以下係提供利用本發明之實施例詳細說明書本發明 技術及特點,然本實施例並非用以限定本發明了任^熟= 此技藝者,在不脫離本發明之精神和範圍内,當可 之更動與潤飾。 胃 種 實施例 置盛企1二^:_以本發明之裝置處理煙氣中 利用本發明之裝置(如前述第二A圖),進行將焚化 爐真實煙氣中的戴奥辛分解實驗測試,操作條件如表二所 示。測試結果如表三所示。一般焚化爐出口廢氣中含戴奥 P10940022TW(本所案號 05P0450) 11 1310699 辛之平均濃度為>l〇ng-TEQ/Nm3。經實場實驗測試,發現經 本發明裝置處理後,廢氣中戴奥辛去除效率在Run 1為97.4 %,於Run 2為85.6 %。此外,觸媒中戴奥辛濃度為2.73x 10_3ng-TEQ/g,濃度相當低,顯示戴奥辛物種是被本發明之 方式分解,而非吸附作用。由本實驗可知,利用本發明之 臭氧/氧化鐵裝置,可有效處理戴奥辛,將戴奥辛分解為無 毒物質。The present invention is not limited to the embodiments of the present invention, and the present invention is not limited to the spirit and scope of the present invention. Change and retouch. Example of a stomach species is set up in a factory: using the apparatus of the present invention to treat flue gas by using the apparatus of the present invention (such as the aforementioned second A diagram), performing a test of the Deoxin decomposition in the real flue gas of the incinerator, operation The conditions are shown in Table 2. The test results are shown in Table 3. The general incineration furnace exhaust gas contains Dai O P10940022TW (Our Office No. 05P0450) 11 1310699 The average concentration of Xin is > l〇ng-TEQ/Nm3. After field experiment, it was found that the dioxin removal efficiency in the exhaust gas was 97.4% in Run 1 and 85.6 % in Run 2 after treatment by the apparatus of the present invention. In addition, the concentration of dioxin in the catalyst was 2.73 x 10_3 ng-TEQ/g, and the concentration was rather low, indicating that the dioxin species was decomposed by the present invention rather than adsorbed. From the experiment, it is known that the ozone/iron oxide device of the present invention can effectively treat dioxin and decompose dioxin into a non-toxic substance.

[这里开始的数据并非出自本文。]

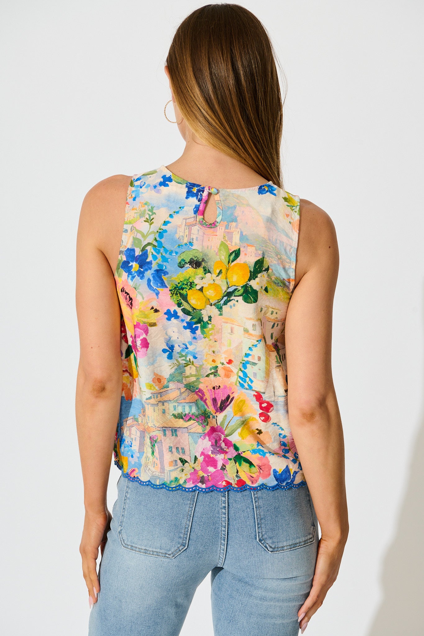 A centre-back keyhole with a self dome button and loop adds a subtle touch of detail. The scalloped navy trim at the hem offers an elevated finish that makes this top feel that little bit more special. Unlined for breathability and ease, it’s a throw-on style that will quickly become a go-to in your summer rotation. Each piece features a unique print placement for a one-of-a-kind look.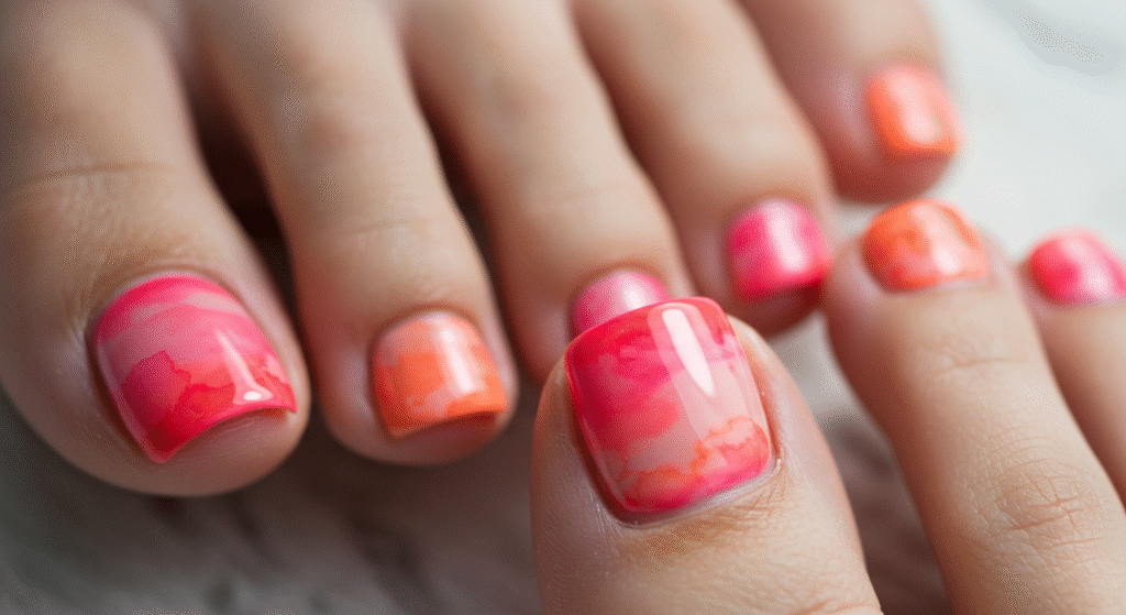For an artistic and fun look, try red nails with bold swirl or wave art. This design adds fluid movement and a contemporary feel to your pedicure.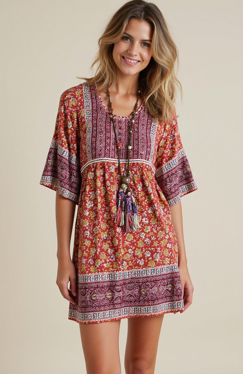 Float through the day with a bohemian batik dress. This style embraces flowy fabrics and earthy tones. It’s perfect for those who love a laid-back, free-spirited vibe.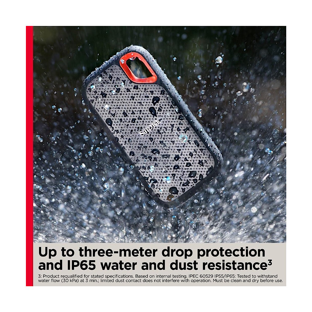 این حافظه SSD اکسترنال مقاومت بالایی برای حمل و نقل و استفاده در شرایط آب و هوایی گوناگون دارد. به لطف گواهی IP55، این محصول در برابر نفوذ آب و گرد و غبار مقاوم است. به علاوه، بدنه آن به گونهای طراحی شده که در برابر سقوط از ارتفاع ۲ متری نیز دوام بیاورد. برای حفظ امنیت اطلاعات شما نیز، میتوان از رمزنگاری سختافزاری 256-bit AES استفاده کرد.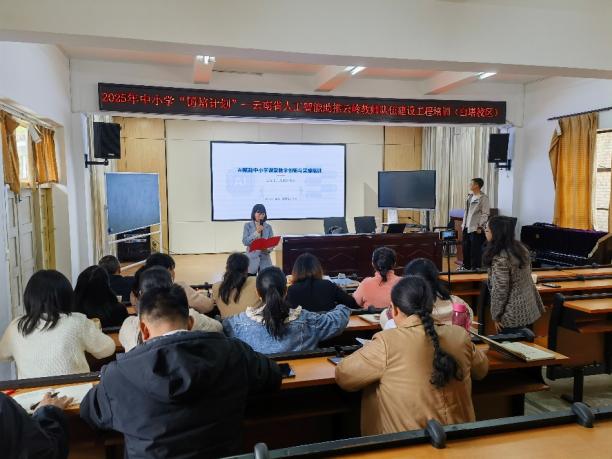 承办,依托云南省人工智能重点实验室优质师资,组建由教授、博士、学科教学专家与一线骨干教师构成的专业团队,分赴各地开展送教入校,以整校推进、精准赋能、课堂变革为核心,通过专题讲授、分组研讨、互动交流、上机实操等多种形式,为全省多地教师带来一场贴近教学、务实高效的AI教育赋能行动。

表二:實驗操作條件 項目 Runl 單位 入口 出口 1.氣量 m3/hr 106 2.空間速度 1/hr 5400 3.操作溫度 °C 125 4.〇3 〇3產生量(g/hr) 20 〇3 濃度(mg/m3) 200 5.乾式氣體體積 (Ym(std),latm,0〇C) Nm3(dscm) 2.116 2.074 6.排氣含氧量(%) % 15.1 16.6Table 2: Experimental operating conditions Item Runl Unit inlet outlet 1. Volume m3/hr 106 2. Space velocity 1/hr 5400 3. Operating temperature °C 125 4.〇3 〇3 production amount (g/hr) 20 〇3 concentration (mg/m3) 200 5. Dry gas volume (Ym(std), lapm, 0〇C) Nm3(dscm) 2.116 2.074 6. Exhaust oxygen content (%) % 15.1 16.6

項目 Run2 單位 入口 出σ 1.氣量 m3/hr 110 2.空間速度 l/hr 5400 3.操作溫度 °C 120 4.〇3 〇3產生量(g/hr) 20 〇3 濃度(mg/m3) 200 5.乾式氣體體積 (Vm(std),latm,0〇C) Nm3(dscm) 2.118 2.113 6_排氣含氧量(%) % 15.1 15.7 P10940022TW(本所案號 05P0450) 12 1310699 表三:戴奥辛處理效率Item Run2 Unit inlet σ 1. Volume m3/hr 110 2. Space velocity l/hr 5400 3. Operating temperature °C 120 4. 〇3 〇3 production amount (g/hr) 20 〇3 concentration (mg/m3) 200 5. Dry gas volume (Vm(std),latm,0〇C) Nm3(dscm) 2.118 2.113 6_Exhaust oxygen content (%) % 15.1 15.7 P10940022TW (Our Office No. 05P0450) 12 1310699 Table 3: Dioxin treatment efficiency

位置 實廠煙氣引出處 (實驗模廠入口處) (控制前) 實驗模廠出口處 (控制後) 戴奥辛去除效率 (%)Location Factory flue gas outlet (at the entrance of the experimental mold factory) (before control) Exit of the experimental mold factory (after control) Dioxin removal efficiency (%)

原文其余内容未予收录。